A cross-over. I'm not saying but you'll guess soon enough. PG-ish in rating
Crowswork
Jim sighed and wiped the perspiration off his forehead. Blair had talked him into spending his vacation on an archeology dig.
"C'mon Jim." His friend had said. "It'll be fun... it'll be fresh air... there are fish in all the ponds around the area."
Jim suspected it had more to do with the lovely archeologist heading the expedition. Blair was off in the foothills with the Annie Logan right now. Jim had climbed a high ridge and was loving the view. Mountains rolled into foothills with towering trees shading deep blue lakes spotted with the occasional rustic cabin. It was a great area.

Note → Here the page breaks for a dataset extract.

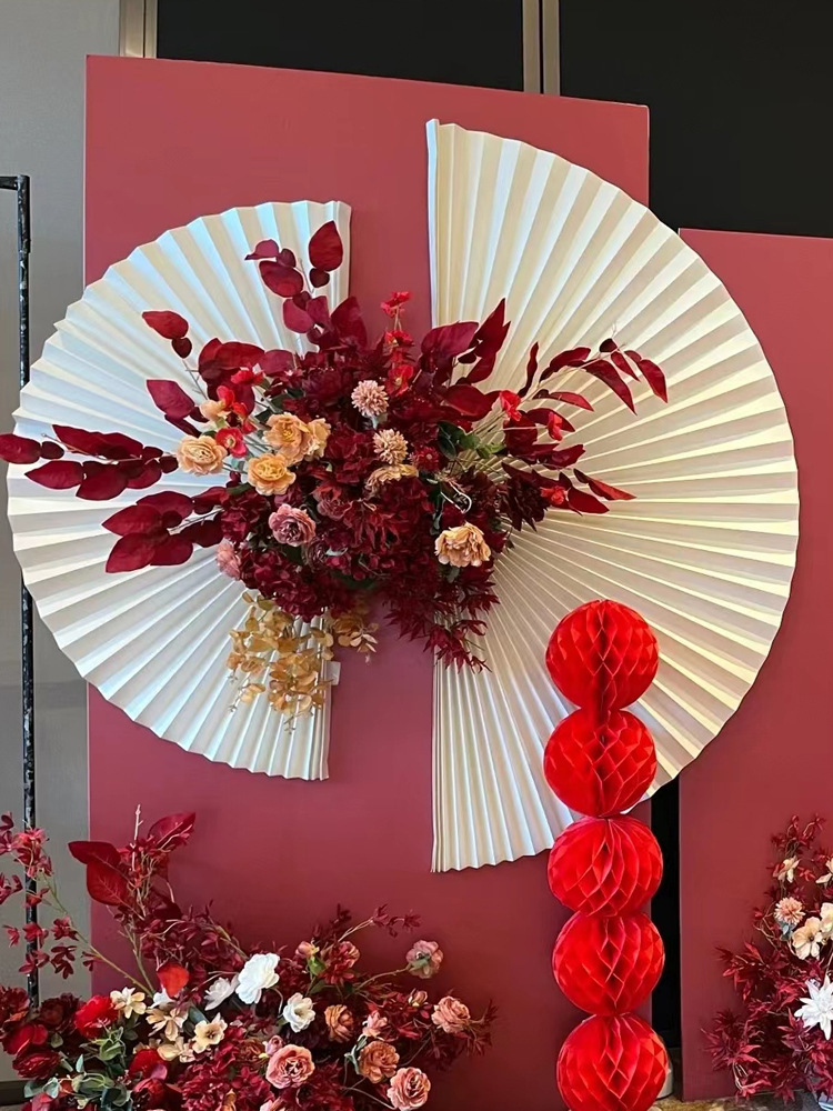 婚庆折纸扇订婚背景板布置活动拍照橱窗美陈装饰纸扇花半圆折扇子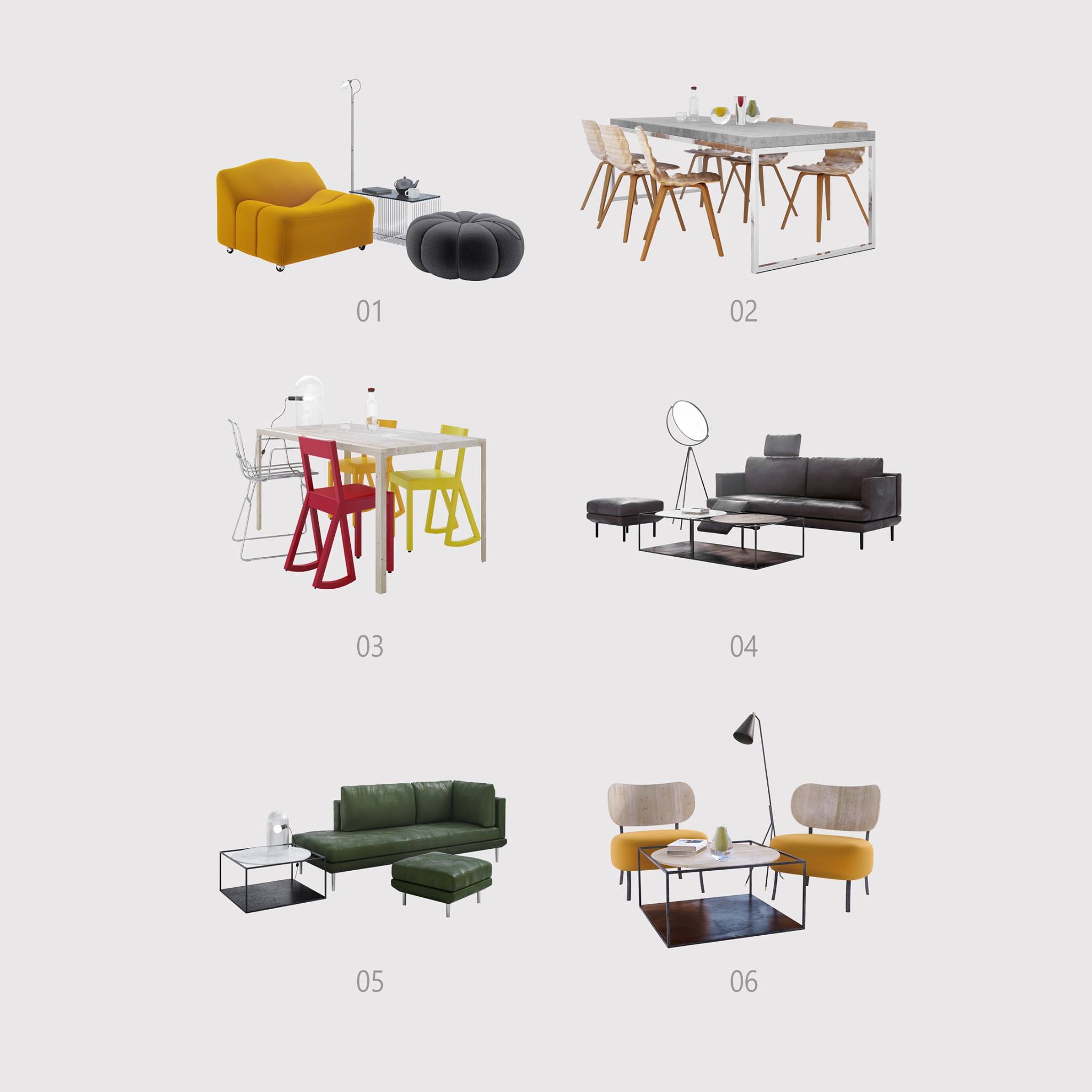 6 different furniture sets made using models from Design Connected, grouped, re-tweaked and re-vamped by yours truly GRAPHROOT.

He sat in the shade of a pine and searched for Blair. He knew the general direction they were heading so he practiced ranging out with his sight and hearing. Soon he spotted movement and saw a deer running through the trees. Backtracking the animals path he heard Blair's voice faintly.
"Wow, did you see that deer?"
"Gorgeous." Annie gushed. "I'm so glad you came out here with us. It really means a lot to me." Jim closed his eyes and prepared to tune them out. He didn't need Sentinel abilities to see where this was heading.
"So the caverns are over here?"
Jim forgot his scruples about eavesdropping.
Blair plus caverns, equals trouble.
"We found them after a landslide. They'd been buried..." Annie paused as she caught her breath. "...buried deep for centuries."
"Bet the landslide was caused by the forest fires last year," Blair offered. "That ridge up there was burned pretty badly."
"You have to get down on your hands and knees for a bit, but then it gets tall enough to stand up."
"Lead the way." Jim could hear the smile in his friend's voice. Then could hear nothing at all. He found a path and started to run.
It took several minutes to find their tracks and the small oval shaped opening half buried in broken trees and dirt. "Sandburg!" Jim's jaw hurt and he forced his jaw to relax.
Then he looked around. The ground here was a few feet of top soil over solid bedrock. Something about the mound of dirt seemed odd -- out of place somehow.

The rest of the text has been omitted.